Today’s water cooler discussion revolved around Document ID management system of SharePoint. It is a nice feature and can actually help to find the documents quickly and in a predicted manner. Basically you get a short URL in SharePoint for your document, rather than a cryptic one and SharePoint will find the document no matter where you moved it.

But there is a catch, it will be able to find it if you move it within the Site Collection. If you move it out of the site collection, a new Doc ID will be generated and assigned to the document. BOOM!! your short URL is pointing to nothing now.

So how do we move documents without changing their Doc ID?

For this, we would need to understand how the document ID generation, assignment etc. happens. There is a comprehensive document on MSDN which provides there details. You can read about it here.

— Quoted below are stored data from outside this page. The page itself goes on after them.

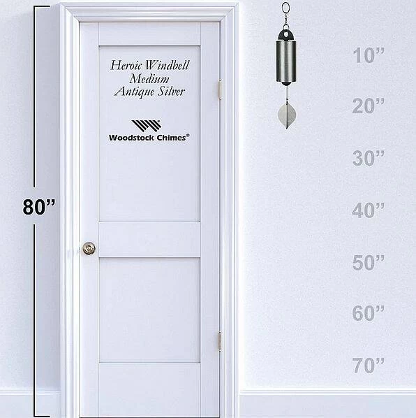 | Material | Antiqued silver steel bell, Antiqued silver aluminum windcatcher, Black finish ash wood clapper |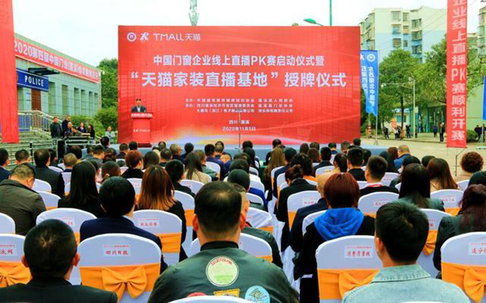 11月5日,由中國建筑裝飾裝修材料協(xié)會、蓬溪縣政府主辦的中國門窗企業(yè)線上直播PK賽啟動儀式暨“中國門都·天貓家裝直播基地”授牌儀式在蓬溪經(jīng)開區(qū)上游片區(qū)舉行,蓬溪縣被授予“中國門都·天貓家裝直播基地”。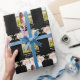 Modern, Rosa Flower blommigt studenten klass 2021 Wrapping Papper, med en rosa och svart ram framför ditt foto. Baksidan har ett annat foto och mer information om student.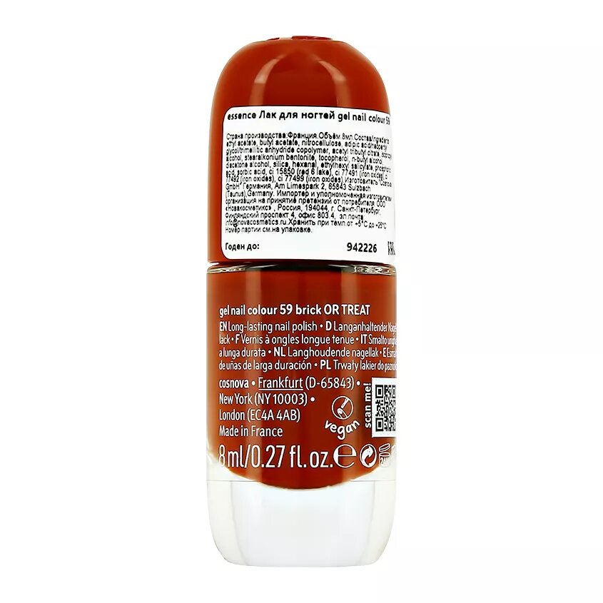Лак для ногтей `ESSENCE` GEL NAIL COLOUR, тон 59 brick or treat информация: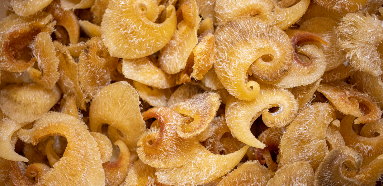 フカヒレに合うよう仕上げた餡は、鶏・豚ガラスープにタケノコ、シイタケ、エノキ、帆立貝柱、鶏肉など山海の幸をたっぷり使っています。フカヒレは小ぶりながら型崩れなくぷりっと美味。コラーゲンもたっぷりです。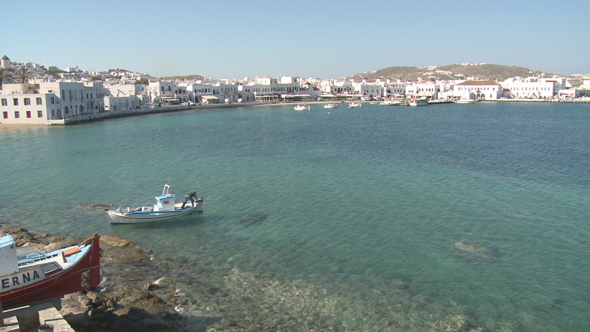 > Aerial calm fly near beautiful Milos beach of Lefkada, Ionian island, Greece. Sunset golden sunlight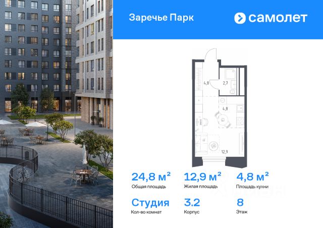Купить квартиру-студию рядом со школой на улице Луговая в поселке городского типа Заречье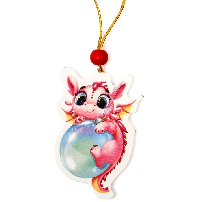 Ёлочная игрушка - подвеска деревянная «Новый год! Дракоша с шариком»

So basically, SharePoint uses event handlers to assign Document IDs at runtime (there are Timer Jobs also, but about them – some other day). There is 1 interesting paragraph in the article which catches my fancy.

When a new item is added, SharePoint Server 2010 first checks to see whether the item has a document ID. If the item has a document ID, the server checks to see whether the PreserveID attribute is set to True or False, and then sets it to False if it is currently set to True. If the item does not already have a document ID, the server gets a document ID for the item from the specified provider, writes it to metadata, and sets the PreserveID attribute to False.

This is saying that there is an attribute “PreserveID” which is checked before updating the document ID but is again set to False, effectively not retaining its value. But could not find any explanation for this anywhere on MSDN.

Time to dive into trusted .NET Reflector!

The code for the Document ID infrastructure is under Microsoft.Office.DocumentManagement.dll, precisely in ItemChangedInternal method, where it checks for an internal property on a document “_dlc_DocIdPersistId” (called as PreserveID attribute) in the article. But every time code finds this attribute set to True, it just flips it back to False but skips assigning new document ID, which is exactly we need.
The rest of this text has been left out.